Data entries
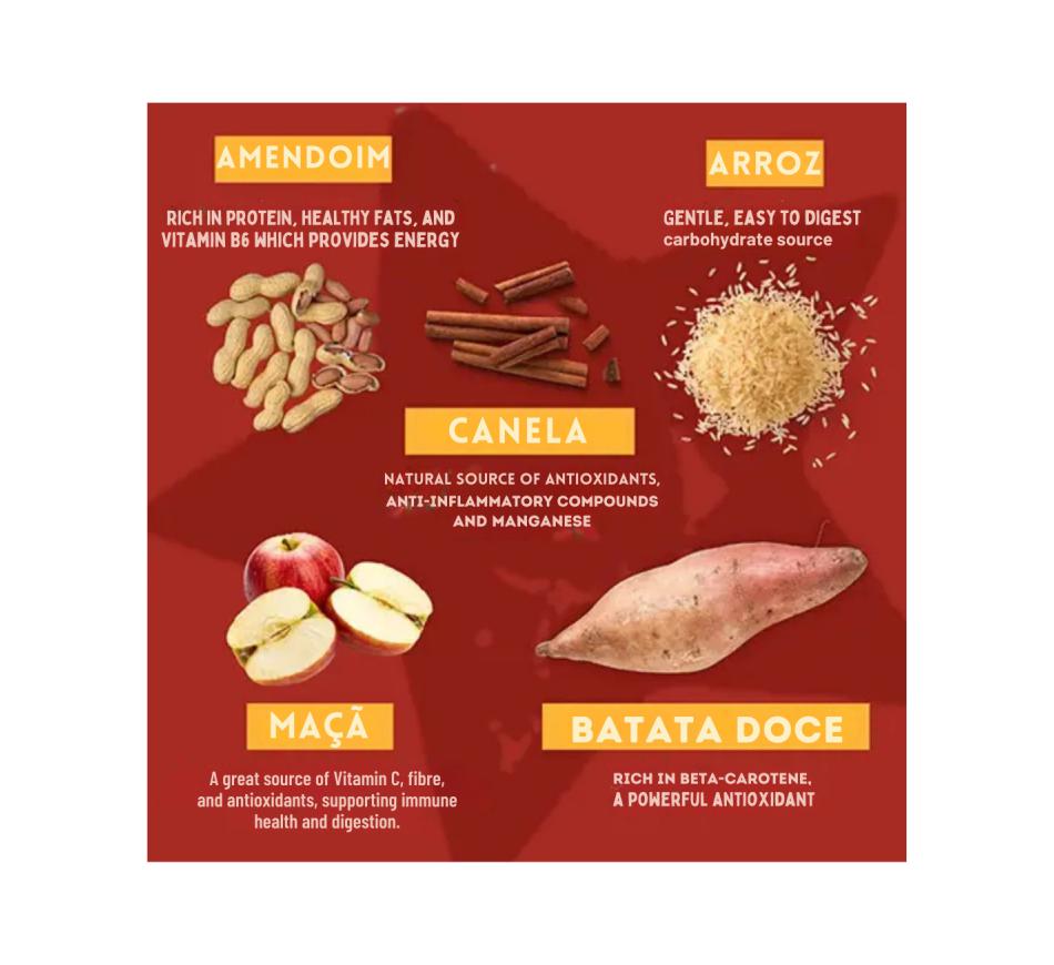 Pawtato Peanut, Apple & Cinnamon Sticks são deliciosos snacks hipoalergénicos em formato de palito combinam batata-doce e farinha de arroz naturalmente doces com manteiga de amendoim, maçã e canela de verdade, para uma mastigação satisfatória e de fácil digestão.
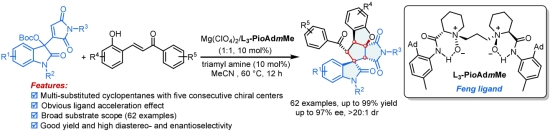 Luo, Q. L.; Mao, T.; Luo, Y.; Zhang, Y. X.; Wang, F.; Dong, S. X.*; Feng, X. M*. Enantioselective Synthesis of Spiro[cyclopentane-1,3’-oxindole] Scaffolds with Five Consecutive Stereocenters. Org. Lett. 2024, 26, 6402.
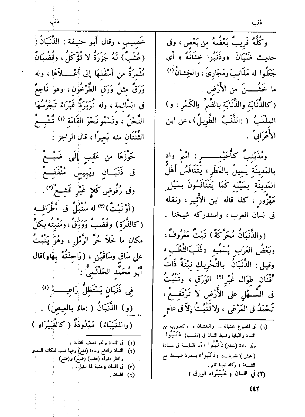 (والذَّنَبَانُ مُحَرَّكَةً) نَبْتٌ مَعْرُوفٌ، وبَعْضُ العَرَبِ يُسَمِّيهِ (ذَنَبَ الثَّعْلَبِ) وَقيل: الذَّنَبَانُ بالتَّحْرِيكِ نِبْتَةٌ ذَاتُ أَفْنَانٍ طِوعال غُبْرِ الوَرَقِ، وتَنْبُتُ فِي السَّهْلِ على الأَرْضِ لَا تَرْتَفِعُ، تُحْمَدُ فِي المَرْعَى، وَلَا تَنْبُتُ إِلاّ فِي عامٍ خَصِيبٍ، وَقَالَ أَبو حنيفَة: الذَّنَبَانُ: (عُشْبٌ) لَهُ جَزَرَةٌ لَا تُؤْكَلُ، وقُضْبَانٌ مُثْمِرَةٌ من أَسْفَلِهَا إِلى أَعْلاَهَا، وَله وَرَقٌ مِثْلُ وَرَقِ الطَّرْخُونِ، وَهُوَ نَاجعٌ فِي السَّائِمةِ، وَله نُوَيْرَةٌ غَبْرَاءُ تَجْرُسُهَا النَّحْلُ، وتَسْمُو نَحْوَ القَامَةِ تُشْبِعُ الثِّنْتَانِ مِنْهُ بَعِيراً، قَالَ الراجز:
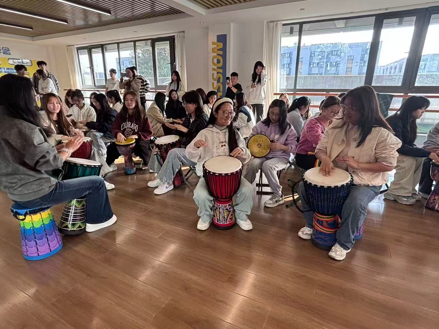 10月17日15:00,会计2502班在毣谷书院开展“击鼓・焕新声——一场文明的‘破圈’行动”。导师阐释鼓乐与修身、情绪管理的联系,借案例讲节奏对情绪的影响。破冰律动后带领同学们学习非洲鼓基础音色和节奏型,节奏对话让大家体验到了非语言的默契,最终合奏动感曲目,破除社交壁垒,每个人在集体中都是独一无二不可或缺的鼓点。
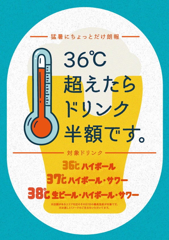 梅雨明け宣言!「酷暑だヨ!全員集合~第1弾」酷暑がちょっとウレシイ企画発動!気温36℃超えたらドリンク半額!

Aim of the exercise = What I need is every record written out exactly, minus the pictures.

Solution to the problem =
 Pawtato Peanut, Apple & Cinnamon Sticks são deliciosos snacks hipoalergénicos em formato de palito combinam batata-doce e farinha de arroz naturalmente doces com manteiga de amendoim, maçã e canela de verdade, para uma mastigação satisfatória e de fácil digestão.
 Luo, Q. L.; Mao, T.; Luo, Y.; Zhang, Y. X.; Wang, F.; Dong, S. X.*; Feng, X. M*. Enantioselective Synthesis of Spiro[cyclopentane-1,3’-oxindole] Scaffolds with Five Consecutive Stereocenters. Org. Lett. 2024, 26, 6402.
 (والذَّنَبَانُ مُحَرَّكَةً) نَبْتٌ مَعْرُوفٌ، وبَعْضُ العَرَبِ يُسَمِّيهِ (ذَنَبَ الثَّعْلَبِ) وَقيل: الذَّنَبَانُ بالتَّحْرِيكِ نِبْتَةٌ ذَاتُ أَفْنَانٍ طِوعال غُبْرِ الوَرَقِ، وتَنْبُتُ فِي السَّهْلِ على الأَرْضِ لَا تَرْتَفِعُ، تُحْمَدُ فِي المَرْعَى، وَلَا تَنْبُتُ إِلاّ فِي عامٍ خَصِيبٍ، وَقَالَ أَبو حنيفَة: الذَّنَبَانُ: (عُشْبٌ) لَهُ جَزَرَةٌ لَا تُؤْكَلُ، وقُضْبَانٌ مُثْمِرَةٌ من أَسْفَلِهَا إِلى أَعْلاَهَا، وَله وَرَقٌ مِثْلُ وَرَقِ الطَّرْخُونِ، وَهُوَ نَاجعٌ فِي السَّائِمةِ، وَله نُوَيْرَةٌ غَبْرَاءُ تَجْرُسُهَا النَّحْلُ، وتَسْمُو نَحْوَ القَامَةِ تُشْبِعُ الثِّنْتَانِ مِنْهُ بَعِيراً، قَالَ الراجز:
 10月17日15:00,会计2502班在毣谷书院开展“击鼓・焕新声——一场文明的‘破圈’行动”。导师阐释鼓乐与修身、情绪管理的联系,借案例讲节奏对情绪的影响。破冰律动后带领同学们学习非洲鼓基础音色和节奏型,节奏对话让大家体验到了非语言的默契,最终合奏动感曲目,破除社交壁垒,每个人在集体中都是独一无二不可或缺的鼓点。
 梅雨明け宣言!「酷暑だヨ!全員集合~第1弾」酷暑がちょっとウレシイ企画発動!気温36℃超えたらドリンク半額!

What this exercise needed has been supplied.